ETL stands for Extract, Transform, and Load. ETL is a process that enables businesses to consolidate their disparate data while moving it from place to place, and it doesn't really matter that that data is in different forms or formats. The data can come from any source. ETL process is powerful enough to handle such data disparities.
Extract
ETL process involves extracting the data from the source systems. Most data warehousing projects consolidate data from different source systems. Each separate system may also use a different data organization/format. Goal of the extraction phase is to convert the data into a single format which is appropriate for transformation processing. More often as a best practice, the Data is extracted from the source in to PREP tables, where the data is in exactly the same format as the source system, but this need not be true always. Extracting data in to the PREP tables always ensures that all the data from the source has been extracted, and is ready for applying transformations as per business requirements and load the data to the target system.
Transform
Post data extraction, the next step in ETL is to apply transformations (or in simple terms the business rules), that are applicable for the extracted data from the source to derive the data for loading into the end target. Some data sources will require very little or even no manipulation of data. In other cases, one or more of the following transformation types may be required to meet the business and technical needs of the target database:
- Restricting unwanted data from propagating in to the target system (for ex, discarding null values, selecting only certain columns to load, etc).

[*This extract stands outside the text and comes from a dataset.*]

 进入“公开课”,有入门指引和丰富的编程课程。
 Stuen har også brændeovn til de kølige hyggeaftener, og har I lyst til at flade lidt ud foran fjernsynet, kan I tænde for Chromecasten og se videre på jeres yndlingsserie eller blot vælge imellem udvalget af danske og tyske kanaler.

- Automated Cleansing and decoding the data (For ex:- if the source system stores 1 for male and 2 for female, but the warehouse stores M for male and F for female)
- Deriving new calculated fields (ex:- sale_amount = qty * unit_price)

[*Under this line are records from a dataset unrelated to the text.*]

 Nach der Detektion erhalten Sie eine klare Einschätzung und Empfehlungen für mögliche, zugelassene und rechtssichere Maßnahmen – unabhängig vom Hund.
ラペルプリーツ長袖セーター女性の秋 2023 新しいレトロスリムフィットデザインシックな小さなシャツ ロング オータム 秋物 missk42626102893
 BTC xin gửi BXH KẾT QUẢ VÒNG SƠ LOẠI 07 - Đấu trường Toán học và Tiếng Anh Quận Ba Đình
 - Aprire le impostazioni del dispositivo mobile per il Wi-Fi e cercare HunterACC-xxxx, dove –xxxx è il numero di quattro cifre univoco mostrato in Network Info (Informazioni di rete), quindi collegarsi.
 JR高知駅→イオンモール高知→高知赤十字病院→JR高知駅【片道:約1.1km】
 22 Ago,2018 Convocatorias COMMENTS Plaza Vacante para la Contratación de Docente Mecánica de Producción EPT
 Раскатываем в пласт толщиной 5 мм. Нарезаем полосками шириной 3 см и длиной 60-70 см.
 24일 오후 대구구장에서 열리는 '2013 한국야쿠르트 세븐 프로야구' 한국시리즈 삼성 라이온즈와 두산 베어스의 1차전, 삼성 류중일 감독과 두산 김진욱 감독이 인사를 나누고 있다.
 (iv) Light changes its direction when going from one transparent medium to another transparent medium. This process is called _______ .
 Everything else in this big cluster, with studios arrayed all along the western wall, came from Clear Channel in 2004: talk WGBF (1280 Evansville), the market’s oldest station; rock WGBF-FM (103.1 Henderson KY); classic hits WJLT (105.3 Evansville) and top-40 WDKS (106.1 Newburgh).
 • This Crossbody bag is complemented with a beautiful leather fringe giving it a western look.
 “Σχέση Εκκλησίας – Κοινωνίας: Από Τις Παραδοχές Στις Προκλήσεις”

- Applying filtering and sorting
- Merging data from various sources (for ex:- Lookup, Merge, etc)
- Aggregation (for example, rollup - summarizing multiple rows of data - total sales for each store, and for each region, etc.)
- Generating surrogate-key values
- Splitting a column into multiple columns (e.g., putting a comma-separated list specified as a string in one column as individual values in different columns)
- Lookup and Constraints validation to check the relevant data from tables or referential files for slowly changing dimensions.
- Data validation. If validation fails, it may result in a full, partial or no rejection of the data, and thus none, some or all the data are handed over to the next step, depending on the rule design and exception handling.
Load
Once the data is extracted, transformed, the data is loaded in to the target system, usually the data warehouse (DW). Depending on the requirements of the organization, this process varies widely. Some data warehouses may overwrite existing information with cumulative information, updates from the extract data is done periodically (daily, weekly, monthly etc). Other DW may add new data in a historicized form.